• _What you are asked to do_
Using the data that follows, give again word for word the lines between the one holding "Kuna Indian mola, tropical" and the one holding "Hay una conexión", inclusive. Omit the pictures.

── Task input

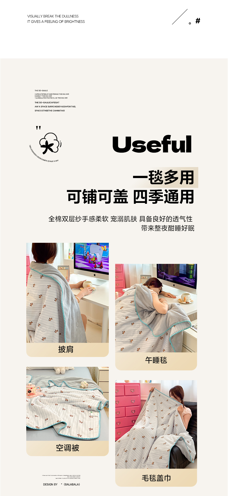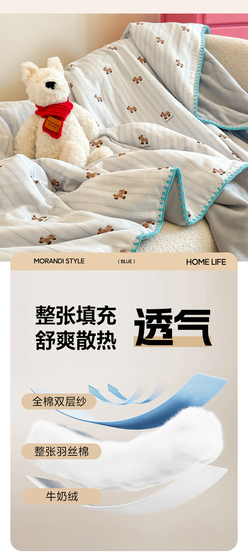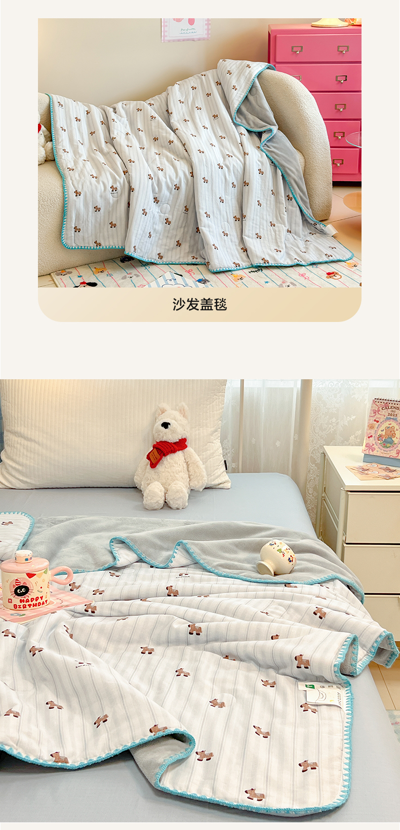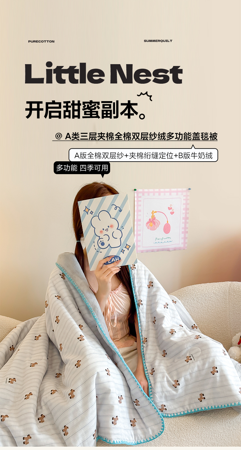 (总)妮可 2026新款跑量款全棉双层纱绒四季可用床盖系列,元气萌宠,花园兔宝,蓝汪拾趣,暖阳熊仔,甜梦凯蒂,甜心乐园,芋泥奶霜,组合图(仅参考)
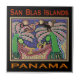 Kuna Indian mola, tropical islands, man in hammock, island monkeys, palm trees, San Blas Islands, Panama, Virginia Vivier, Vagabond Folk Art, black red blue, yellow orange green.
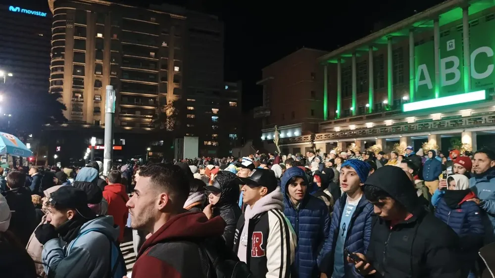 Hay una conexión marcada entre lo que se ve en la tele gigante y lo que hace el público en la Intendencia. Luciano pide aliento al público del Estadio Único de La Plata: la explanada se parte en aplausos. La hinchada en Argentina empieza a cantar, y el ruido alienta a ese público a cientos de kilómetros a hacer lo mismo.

────
── Task input

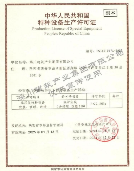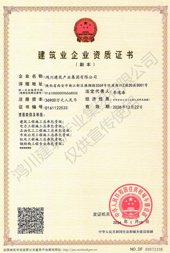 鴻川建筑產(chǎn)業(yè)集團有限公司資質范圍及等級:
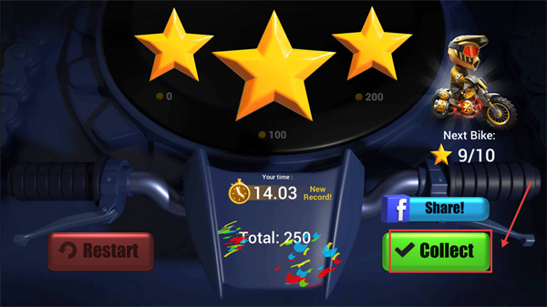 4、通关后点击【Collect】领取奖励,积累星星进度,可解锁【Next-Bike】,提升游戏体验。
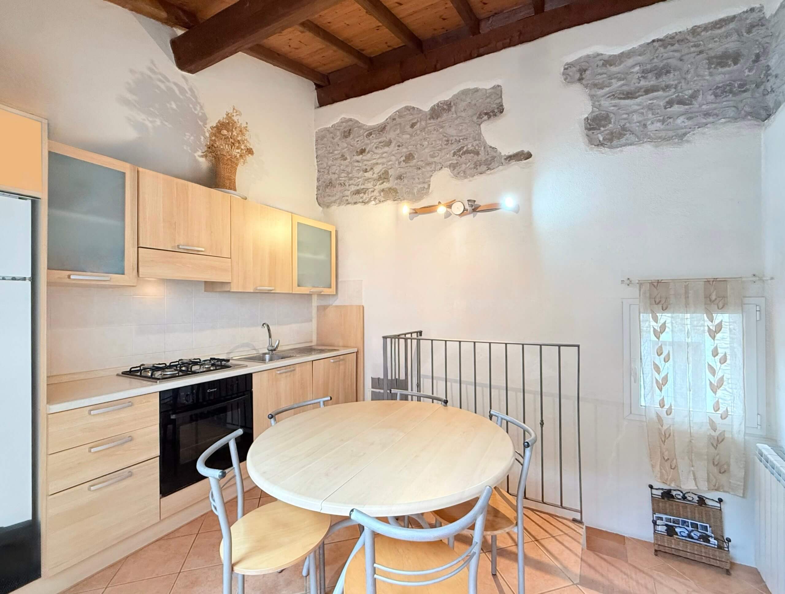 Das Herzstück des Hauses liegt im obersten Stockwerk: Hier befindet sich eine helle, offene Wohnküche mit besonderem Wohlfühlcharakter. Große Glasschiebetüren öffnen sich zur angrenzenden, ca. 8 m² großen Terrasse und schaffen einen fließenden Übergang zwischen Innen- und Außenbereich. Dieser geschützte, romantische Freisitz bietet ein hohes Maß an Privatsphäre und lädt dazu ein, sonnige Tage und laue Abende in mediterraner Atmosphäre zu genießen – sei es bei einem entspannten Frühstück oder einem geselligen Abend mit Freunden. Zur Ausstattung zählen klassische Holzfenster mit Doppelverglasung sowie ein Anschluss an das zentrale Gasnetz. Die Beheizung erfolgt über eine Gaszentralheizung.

────

• _Response to the exercise_
 Kuna Indian mola, tropical islands, man in hammock, island monkeys, palm trees, San Blas Islands, Panama, Virginia Vivier, Vagabond Folk Art, black red blue, yellow orange green.
 Hay una conexión marcada entre lo que se ve en la tele gigante y lo que hace el público en la Intendencia. Luciano pide aliento al público del Estadio Único de La Plata: la explanada se parte en aplausos. La hinchada en Argentina empieza a cantar, y el ruido alienta a ese público a cientos de kilómetros a hacer lo mismo.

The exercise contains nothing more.